About this exercise: From the line holding "시술 후 주의사항 1." through the line holding "Figure 1: From" below, write out every line exactly; include both of those lines and drop the pictures.

Data provided:

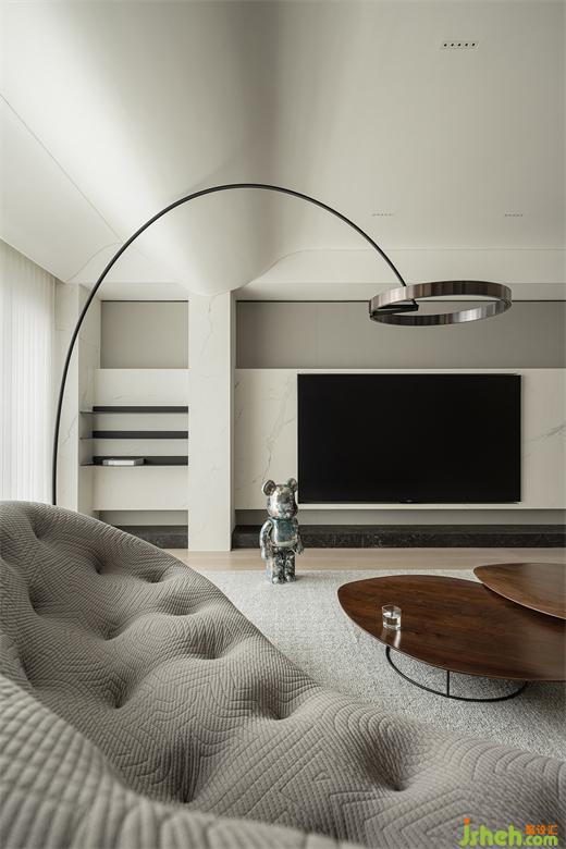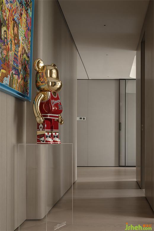 走廊内退墙体,让人的视觉被聚中,较长的走廊空间好像变成了艺术展馆,豪宅设计将爱好填入生活的场景,融入现代时尚的格调,展现居住者的生活色彩。
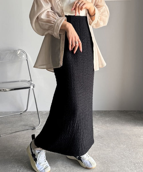 大人の女性を魅了する、ぽこぽこ素材のストレートスカート。
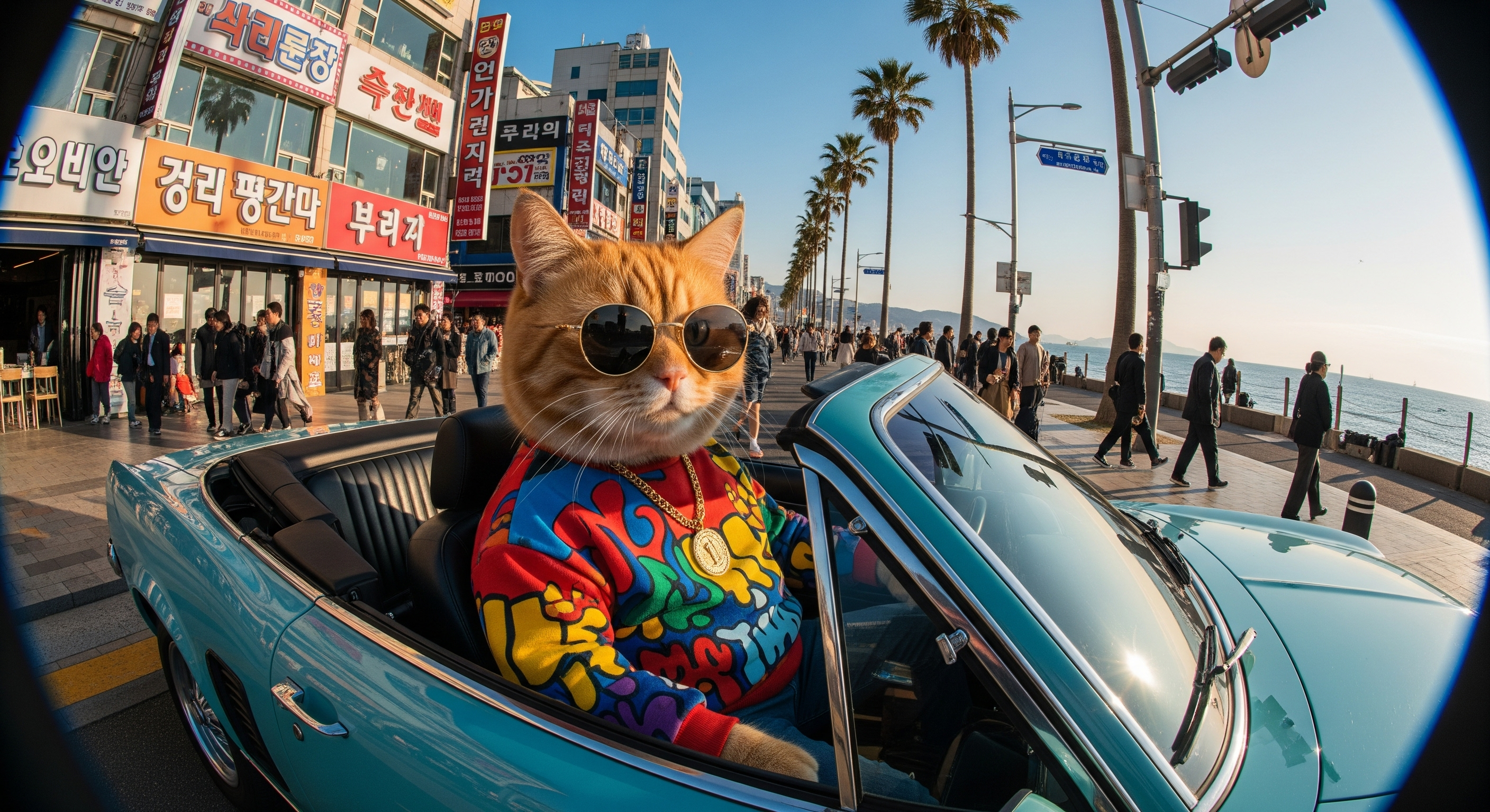 Close-up, fisheye shot. An orange cat wearing a colorful hoosweatshirt and a gold chain is driving a retro blue-green convertible through a bustling coastal street in Seoul, South Korea. On a sunny day, it's fashionable and fun.
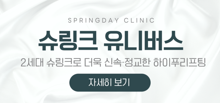 시술 후 주의사항 1. 슈링크 시술 후에는 피부 보호를 위해 사우나나 흡연, 음주 등 피부를 자극할 수 있는 일을 피해야 하며, 외출 시 자외선 차단제를 바르는 게 좋습니다. 2. 시술 후 2~3일간은 집에서 안정될 때까지 휴식을 취하는 게 좋으며, 야채를 섭취하면 피부 회복과 콜라겐 생성에 도움이 되므로 비타민이 풍부한 야채를 드시는 것을 권해드립니다. |
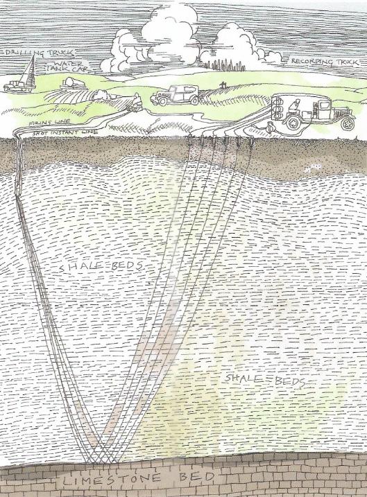 Figure 1: From a firing point, an explosive source create seismic waves that travel down through the rock strata where they bounce of boundaries between different rock types and reflect back to surface to be detected by receivers called geophones. (After Mau and Edmundson in Exploring for Oil and Gas, 2014) Page 12 >
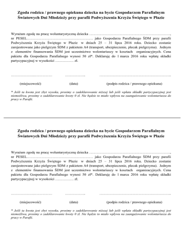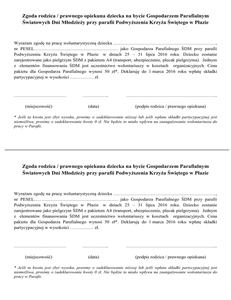 Zgoda rodzica / prawnego opiekuna dziecka na bycie Gospodarzem Parafialnym Światowych Dni Młodzieży przy parafii Podwyższenia Krzyża Świętego w Płazie Wyrażam zgodę na pracę woluntarystyczną dziecka …………………………………………………………, nr PESEL……………………………………………… jako Gospodarza Parafialnego ŚDM przy parafii Podwyższenia Krzyża Świętego w Płazie w dniach 25 – 31 lipca 2016 roku. Dziecko zostanie zarejestrowane jako pielgrzym ŚDM z pakietem A4 (transport, ubezpieczenie, plecak pielgrzyma). Jednym z elementów finansowania ŚDM jest uczestnictwo wolontariuszy w kosztach organizacyjnych. Cena pakietu dla Gospodarza Parafialnego wynosi 50 zł*. Deklaruję do 1 marca 2016 roku wpłatę składki partycypacyjnej w wysokości …………… zł. ……………….…………… (miejscowość) …………….. (data) ………………………………………………….. (podpis rodzica / prawnego opiekuna) * Jeśli ta kwota jest zbyt wysoka, prosimy o zadeklarowanie niższej lub jeśli wpłata składki partycypacyjnej jest niemożliwa, prosimy o zadeklarowanie kwoty 0 zł. Nie będzie to miało wpływu na zaangażowanie wolontariusza do pracy w Parafii. Zgoda rodzica / prawnego opiekuna dziecka na bycie Gospodarzem Parafialnym Światowych Dni Młodzieży przy parafii Podwyższenia Krzyża Świętego w Płazie Wyrażam zgodę na pracę woluntarystyczną dziecka …………………………………………………………, nr PESEL……………………………………………… jako Gospodarza Parafialnego ŚDM przy parafii Podwyższenia Krzyża Świętego w Płazie w dniach 25 – 31 lipca 2016 roku. Dziecko zostanie zarejestrowane jako pielgrzym ŚDM z pakietem A4 (transport, ubezpieczenie, plecak pielgrzyma). Jednym z elementów finansowania ŚDM jest uczestnictwo wolontariuszy w kosztach organizacyjnych. Cena pakietu dla Gospodarza Parafialnego wynosi 50 zł*. Deklaruję do 1 marca 2016 roku wpłatę składki partycypacyjnej w wysokości …………… zł. ……………….…………… (miejscowość) …………….. (data) ………………………………………………….. (podpis rodzica / prawnego opiekuna) * Jeśli ta kwota jest zbyt wysoka, prosimy o zadeklarowanie niższej lub jeśli wpłata składki partycypacyjnej jest niemożliwa, prosimy o zadeklarowanie kwoty 0 zł. Nie będzie to miało wpływu na zaangażowanie wolontariusza do pracy w Parafii.

Task output:
 시술 후 주의사항 1. 슈링크 시술 후에는 피부 보호를 위해 사우나나 흡연, 음주 등 피부를 자극할 수 있는 일을 피해야 하며, 외출 시 자외선 차단제를 바르는 게 좋습니다. 2. 시술 후 2~3일간은 집에서 안정될 때까지 휴식을 취하는 게 좋으며, 야채를 섭취하면 피부 회복과 콜라겐 생성에 도움이 되므로 비타민이 풍부한 야채를 드시는 것을 권해드립니다. |
 Figure 1: From a firing point, an explosive source create seismic waves that travel down through the rock strata where they bounce of boundaries between different rock types and reflect back to surface to be detected by receivers called geophones. (After Mau and Edmundson in Exploring for Oil and Gas, 2014) Page 12 >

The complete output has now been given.